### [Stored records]
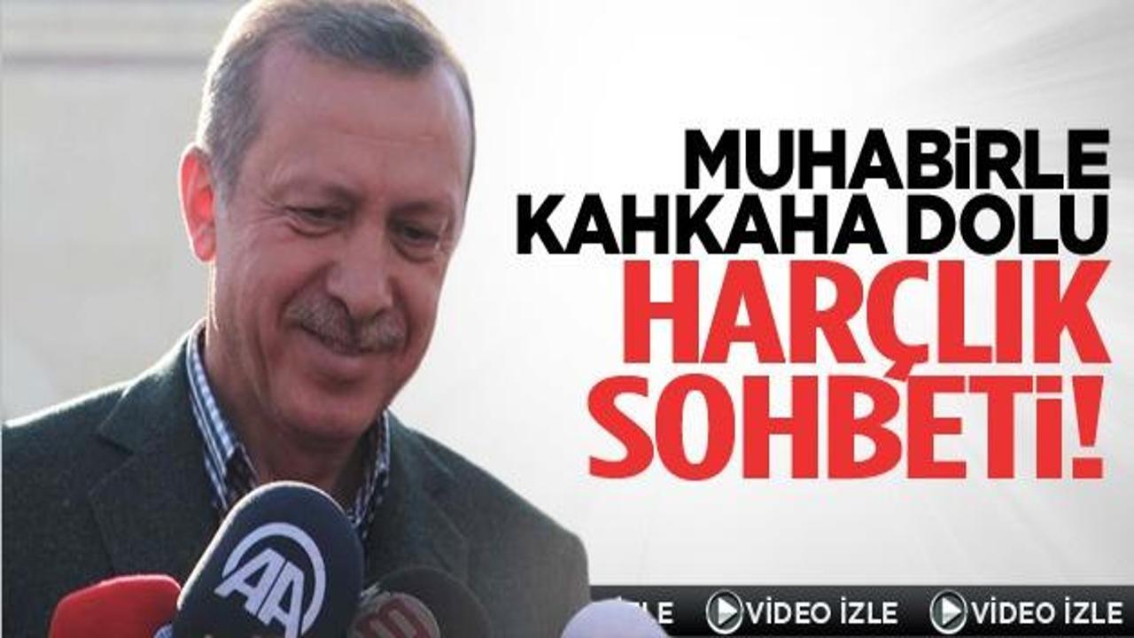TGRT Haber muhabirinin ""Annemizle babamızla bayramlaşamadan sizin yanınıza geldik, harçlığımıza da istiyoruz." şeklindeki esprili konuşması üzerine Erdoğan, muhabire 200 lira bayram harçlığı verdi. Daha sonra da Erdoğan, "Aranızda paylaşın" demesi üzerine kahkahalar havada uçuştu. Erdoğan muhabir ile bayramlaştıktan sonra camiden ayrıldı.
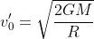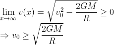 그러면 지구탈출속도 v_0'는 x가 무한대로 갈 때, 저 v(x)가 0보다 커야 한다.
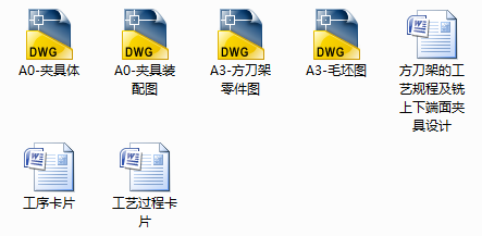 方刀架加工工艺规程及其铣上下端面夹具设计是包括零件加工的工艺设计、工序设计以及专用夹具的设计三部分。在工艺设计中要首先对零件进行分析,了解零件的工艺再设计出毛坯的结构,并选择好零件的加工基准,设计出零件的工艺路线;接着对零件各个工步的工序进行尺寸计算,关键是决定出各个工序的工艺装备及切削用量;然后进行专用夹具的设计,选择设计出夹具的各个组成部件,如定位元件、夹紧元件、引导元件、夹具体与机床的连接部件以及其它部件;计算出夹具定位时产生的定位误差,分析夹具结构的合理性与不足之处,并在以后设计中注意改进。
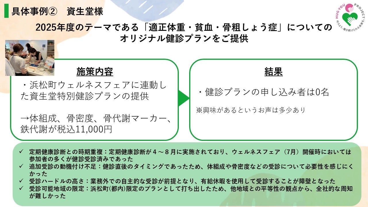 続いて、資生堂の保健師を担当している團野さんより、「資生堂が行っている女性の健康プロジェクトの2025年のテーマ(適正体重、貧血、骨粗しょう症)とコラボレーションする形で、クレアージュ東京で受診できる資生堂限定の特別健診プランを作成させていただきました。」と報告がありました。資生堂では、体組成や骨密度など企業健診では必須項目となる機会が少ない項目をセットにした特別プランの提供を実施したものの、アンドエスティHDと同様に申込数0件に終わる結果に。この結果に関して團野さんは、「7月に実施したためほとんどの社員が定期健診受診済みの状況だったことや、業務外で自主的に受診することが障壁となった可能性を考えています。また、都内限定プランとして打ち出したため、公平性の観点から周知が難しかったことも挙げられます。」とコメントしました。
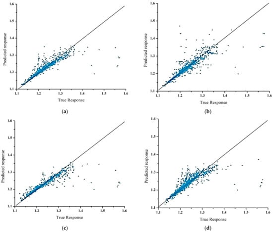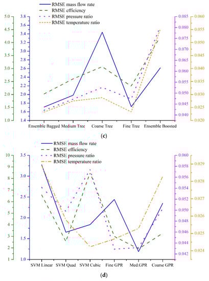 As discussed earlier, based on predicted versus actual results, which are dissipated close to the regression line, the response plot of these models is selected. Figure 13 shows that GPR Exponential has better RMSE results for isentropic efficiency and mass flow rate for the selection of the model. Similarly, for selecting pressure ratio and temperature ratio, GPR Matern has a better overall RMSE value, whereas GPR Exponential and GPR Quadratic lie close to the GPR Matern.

### [PROBLEM DETAILS]
An exact reproduction of the data is needed, with no pictures included.

### [REPLY TO THE TASK]
TGRT Haber muhabirinin ""Annemizle babamızla bayramlaşamadan sizin yanınıza geldik, harçlığımıza da istiyoruz." şeklindeki esprili konuşması üzerine Erdoğan, muhabire 200 lira bayram harçlığı verdi. Daha sonra da Erdoğan, "Aranızda paylaşın" demesi üzerine kahkahalar havada uçuştu. Erdoğan muhabir ile bayramlaştıktan sonra camiden ayrıldı.
 그러면 지구탈출속도 v_0'는 x가 무한대로 갈 때, 저 v(x)가 0보다 커야 한다.
 方刀架加工工艺规程及其铣上下端面夹具设计是包括零件加工的工艺设计、工序设计以及专用夹具的设计三部分。在工艺设计中要首先对零件进行分析,了解零件的工艺再设计出毛坯的结构,并选择好零件的加工基准,设计出零件的工艺路线;接着对零件各个工步的工序进行尺寸计算,关键是决定出各个工序的工艺装备及切削用量;然后进行专用夹具的设计,选择设计出夹具的各个组成部件,如定位元件、夹紧元件、引导元件、夹具体与机床的连接部件以及其它部件;计算出夹具定位时产生的定位误差,分析夹具结构的合理性与不足之处,并在以后设计中注意改进。
 続いて、資生堂の保健師を担当している團野さんより、「資生堂が行っている女性の健康プロジェクトの2025年のテーマ(適正体重、貧血、骨粗しょう症)とコラボレーションする形で、クレアージュ東京で受診できる資生堂限定の特別健診プランを作成させていただきました。」と報告がありました。資生堂では、体組成や骨密度など企業健診では必須項目となる機会が少ない項目をセットにした特別プランの提供を実施したものの、アンドエスティHDと同様に申込数0件に終わる結果に。この結果に関して團野さんは、「7月に実施したためほとんどの社員が定期健診受診済みの状況だったことや、業務外で自主的に受診することが障壁となった可能性を考えています。また、都内限定プランとして打ち出したため、公平性の観点から周知が難しかったことも挙げられます。」とコメントしました。
 As discussed earlier, based on predicted versus actual results, which are dissipated close to the regression line, the response plot of these models is selected. Figure 13 shows that GPR Exponential has better RMSE results for isentropic efficiency and mass flow rate for the selection of the model. Similarly, for selecting pressure ratio and temperature ratio, GPR Matern has a better overall RMSE value, whereas GPR Exponential and GPR Quadratic lie close to the GPR Matern.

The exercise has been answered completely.